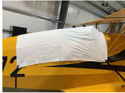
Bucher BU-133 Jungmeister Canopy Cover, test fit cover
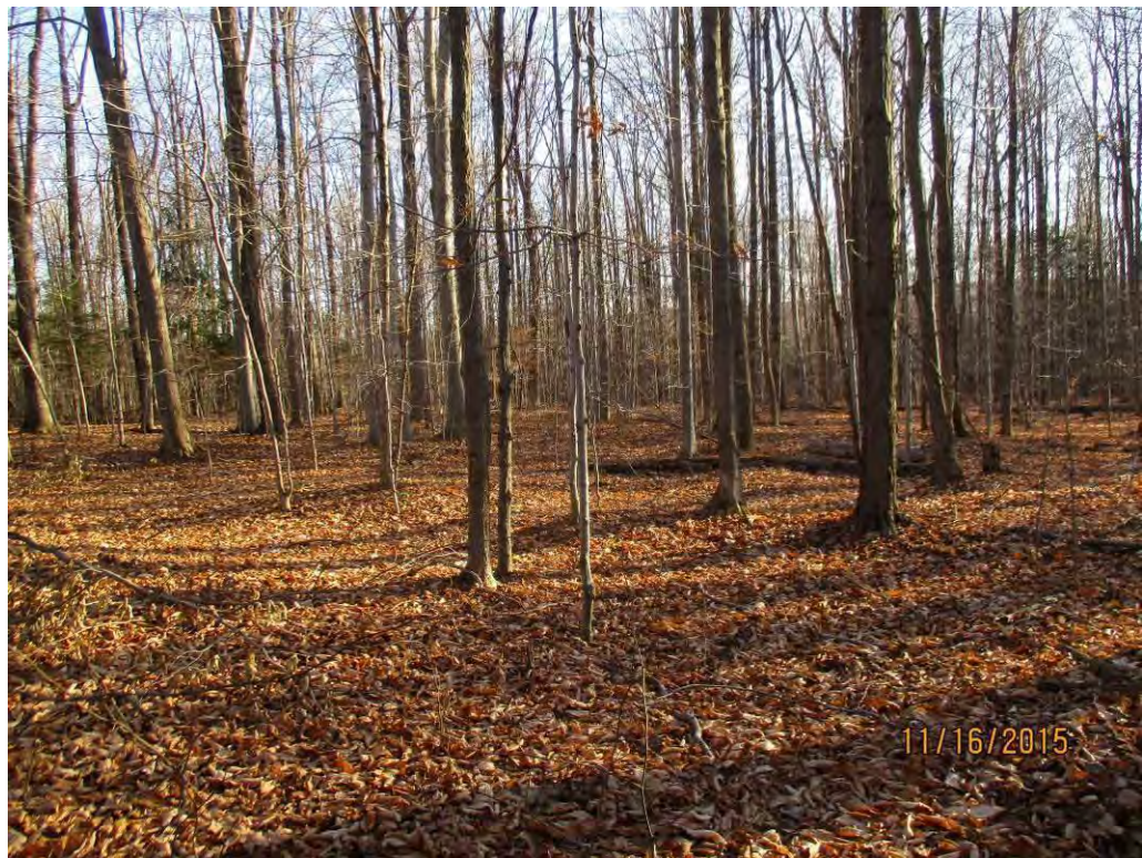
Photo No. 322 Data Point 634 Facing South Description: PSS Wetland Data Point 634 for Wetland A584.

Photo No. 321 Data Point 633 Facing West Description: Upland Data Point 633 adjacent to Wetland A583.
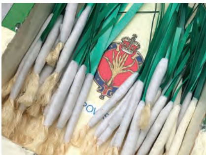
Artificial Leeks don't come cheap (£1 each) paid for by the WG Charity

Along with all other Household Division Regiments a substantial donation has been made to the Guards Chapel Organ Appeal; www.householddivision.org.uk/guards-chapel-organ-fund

========================

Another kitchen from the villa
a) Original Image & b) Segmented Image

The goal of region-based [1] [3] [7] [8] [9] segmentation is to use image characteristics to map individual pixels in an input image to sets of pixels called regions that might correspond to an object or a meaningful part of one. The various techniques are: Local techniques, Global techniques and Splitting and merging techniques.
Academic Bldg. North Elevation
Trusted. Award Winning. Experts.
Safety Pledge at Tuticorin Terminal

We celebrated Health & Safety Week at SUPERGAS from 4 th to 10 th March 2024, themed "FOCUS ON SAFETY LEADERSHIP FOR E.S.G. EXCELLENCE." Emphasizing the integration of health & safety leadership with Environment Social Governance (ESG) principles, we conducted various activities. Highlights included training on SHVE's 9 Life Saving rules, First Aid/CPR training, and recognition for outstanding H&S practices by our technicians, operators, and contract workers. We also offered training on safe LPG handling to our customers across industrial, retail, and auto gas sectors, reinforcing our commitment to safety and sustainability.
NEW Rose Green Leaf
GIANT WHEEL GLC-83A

========================

Work to be completed: Every line of the entries above that holds "Data" should be copied out.

Exercise response:
Photo No. 322 Data Point 634 Facing South Description: PSS Wetland Data Point 634 for Wetland A584.
Photo No. 321 Data Point 633 Facing West Description: Upland Data Point 633 adjacent to Wetland A583.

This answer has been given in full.